Meta has just unveiled the basics of its data2vec system, a system that aims to revolutionize AI with an approach that is both generalist and more autonomous than ever.
Like all humans, you have a very impressive capacity for abstraction. If we offer the same information to several of us in different forms (text, image and video, for example), everyone will be more or less able to achieve the same result. An observation that seems obvious, but which is in fact a real small bioalgorithmic feat.
Because this flexibility is one of the determining aspects of human intelligence. Conversely, the rigidity of the machines is a significant barrier that still prevents the use of this technology in sectors where it could work wonders. But we’re probably not far from that point thanks to Meta AI research.
Indeed, the firm announced the genesis of data2vec. This is a program presented as the “first high performance self-supervised algorithm that works with multiple modalities.” In practice, data2vec works simultaneously on the voice, visual and textual parts to try to produce a more accurate, complete and coherent dataset.
What is self-supervision?
Today, the majority of AI applications are still based on so-called “supervised” systems. They work thanks to huge databases, each element of which must be carefully annotated; in essence the objective is to explain to the machine what is expected of it to allow it to extrapolate on new data, this time not labeled.
For example, to train an AI capable of recognizing animals, it will be necessary to recover thousands of images and start by explaining to the AI that image A represents a dog, while image B represents a cow… and so on. You will have understood it, it is a process which is extremely time consuming at best. And at worst, it may simply be impossible to collect enough data to train an AI for the desired task.
Self-taught experts, but too specialized
This is where self-supervised AIs come in. It is a subdivision of artificial intelligence research where machines learn by themselves, directly from their environment and without any labeled data. It’s a concept that has already led to quite spectacular advances; Google AI, for example, has developed a self-supervising system capable of classifying medical images with phenomenal precision.
But the concept also has its limits, one of which has very concrete implications. Indeed, if humans seem able to learn in a similar way regardless of information format, this is not the case for machines. Unlike us, self-supervised learning algorithms can reach wildly different conclusions if given the same information in different forms (Meta calls it “modalities”), such as text, sound, or video.
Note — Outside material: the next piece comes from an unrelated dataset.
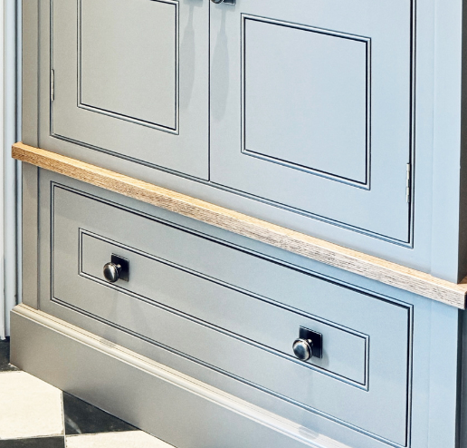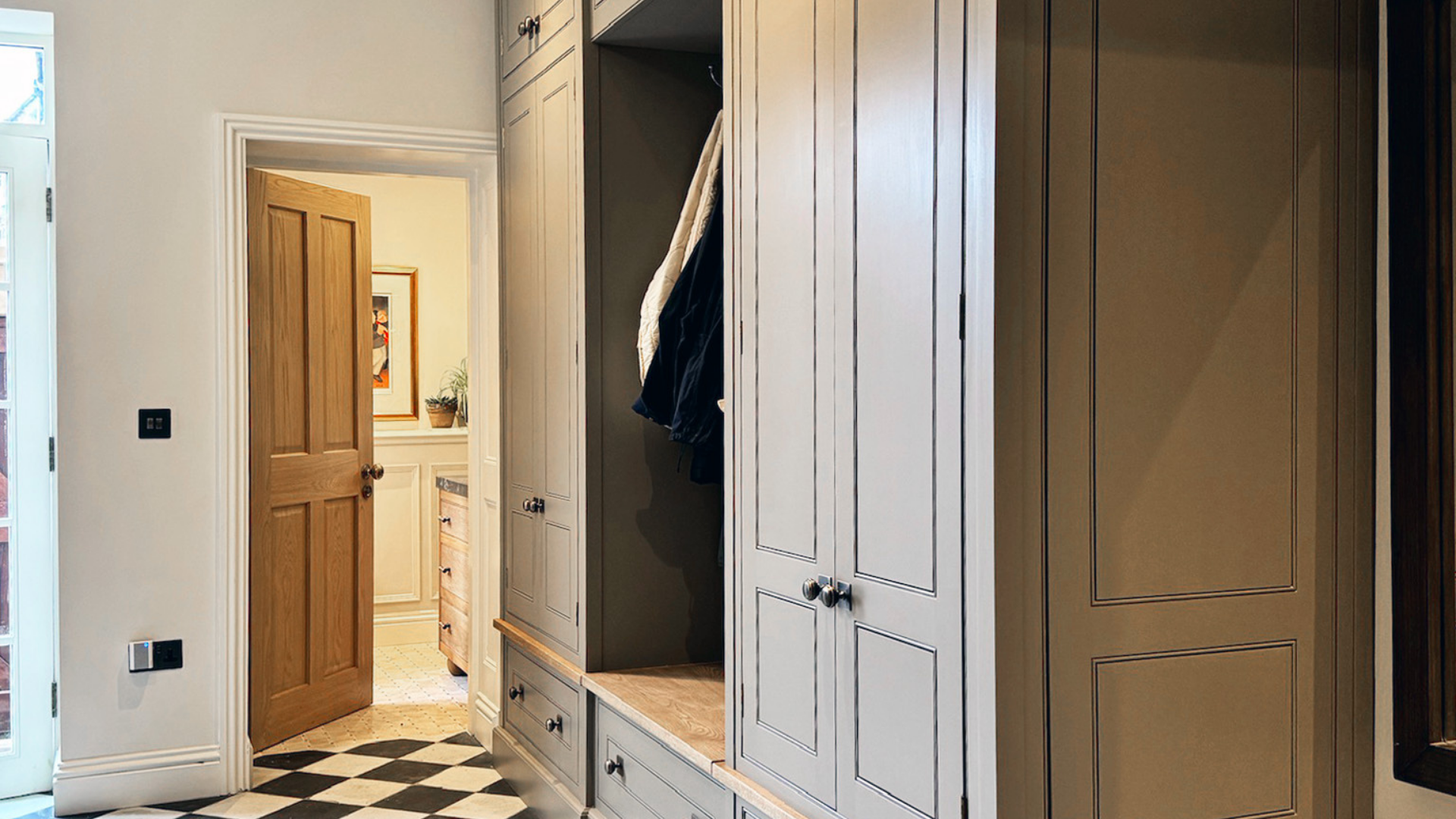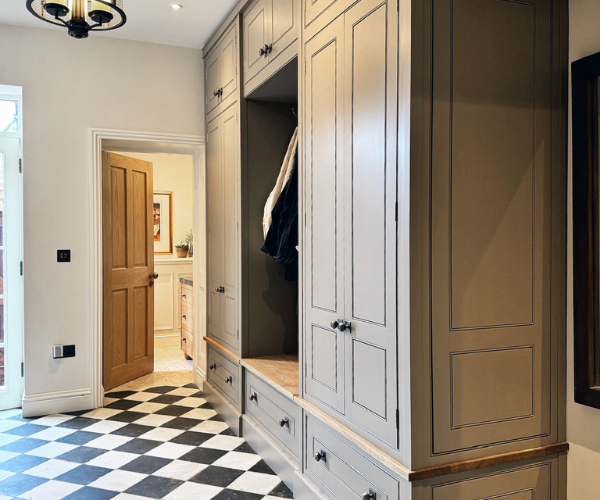 The Alston project boot room features in-frame staff bead cabinetry in a beaded shaker style, hand-painted in Farrow & Ball ‘Mouse’s Back’ with interiors finished in oak veneer. Crafted with precision and proportion, this beautifully detailed space elevates everyday function into timeless form.

This means that self-supervising algorithms must be trained for a very specific task, and are often limited to a single modality; with traditional methods, for example, it is impossible to train an AI that generates text in the same way as a text-to-speech program. The research was therefore still awaiting a holistic system, able to work both in a self-supervised way, but also on several modalities at the same time – much like human intelligence does. And that’s what Meta researchers have managed to produce with data2vec.
A generalist algorithmic mille-feuille
Here, their algorithm works in parallel on several units of different modalities at the same time. For this, data2vec takes height and itself trains several “sub-algorithms”. He can thus offer a result that is as coherent and relevant as possible from a wide range of very different information.
To illustrate the concept, imagine a fictitious working group composed of different experts – the subsystems responsible for each modality. Problem: if these experts are each extremely competent in their field, they understand absolutely nothing about the work of their colleagues and therefore do not have a global visione. There is therefore a need for an impartial hub, able to synthesize the work of different experts into a single result. And it is precisely this role of hub that data2vec assumes.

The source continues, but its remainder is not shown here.